On this day (11th March) in 1941 Old Trafford was hit by bombs dropped by the German Luftwaffe. The highly industrialised Trafford Park had been the target and by daybreak the news of damage to Old Trafford was circulating around Manchester, although the Manchester Guardian and other newspapers did not mention the ground by name. Due to the wartime situation the newspaper did not want to give away too much information and reported: “Slight damage was done to dwelling-houses in one or two working class districts and slight outbreaks of fire were reported from a football ground and a training institute.”

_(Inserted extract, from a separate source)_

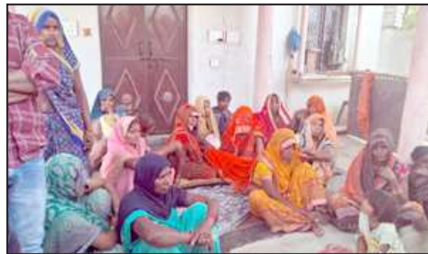
युवती की मौत पर रोते-बिलखते परिजन।

प्रतापगढ़। युवती का शव मिलने के बाद गांव में लोग आपस में चर्चा करते रहे कि सभी जानते हैं दोनों में दो साल से प्रेम चल रहा है। प्रेमी के बुलाने के बाद वह घर से निकली तो प्रेमी को उसे भ्रमला दे जाना था, किंतु कौन सी नौबत आ गई कि उसने प्रेमिका को गोली मार दी। घर पर आई महिलाएं भी यही कहकर रो रही थी कि उसको भगा ले जाना था, मारने की क्या जरूरत थी।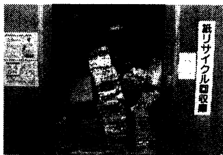
いつも乱雑状態の 回収庫内

The ‘slight damage’ saw a bomb hit United’s Main Stand. The stand was almost completely wrecked, while the pitch was scorched by the blast. Manchester City contacted United and offered the use of Maine Road immediately and the first home United match to be staged at City’s ground was the 5th April meeting with Blackpool in the North Regional League. The Seasiders’ won 3-2 before a crowd of around 2,000.

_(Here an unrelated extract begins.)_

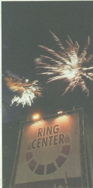
Das Offenbacher Ringcenter war am Samstag Ziel ungezählter Partygäste. Das Einkaufszentrum wurde vor zehn Jahren eröffnet, feierte nun mit einem Großaufgebot an Unterhaltungsprofis vom Luftballonknoter bis zum Feuerwerker. Größter Pegelausschlag am Abend: die Teenietruppe „Queensberry“.

Tausende pilgerten zur großen Geburtstagsparty des zehnjährigen Ringcenters und demonstrierten ihre Einheit mit dem Konsumtempel.

Further wartime matches followed over the course of the next four years with United paying the Blues an annual rent of £5,000 plus a share of the gate receipts. Initially City were to use United’s training ground, The Cliff, for reserve fixtures, but both sides also used Old Trafford at times.
After the war United were granted £4,800 to help cover the costs of tidying up the venue, and then a further £17,478 was given to help rebuild the Main Stand and damaged terracing. This allowed the redevelopment of Old Trafford to commence and between 1945 and 1949 the Main Stand was rebuilt as was the terracing at the Popular Side (United Road).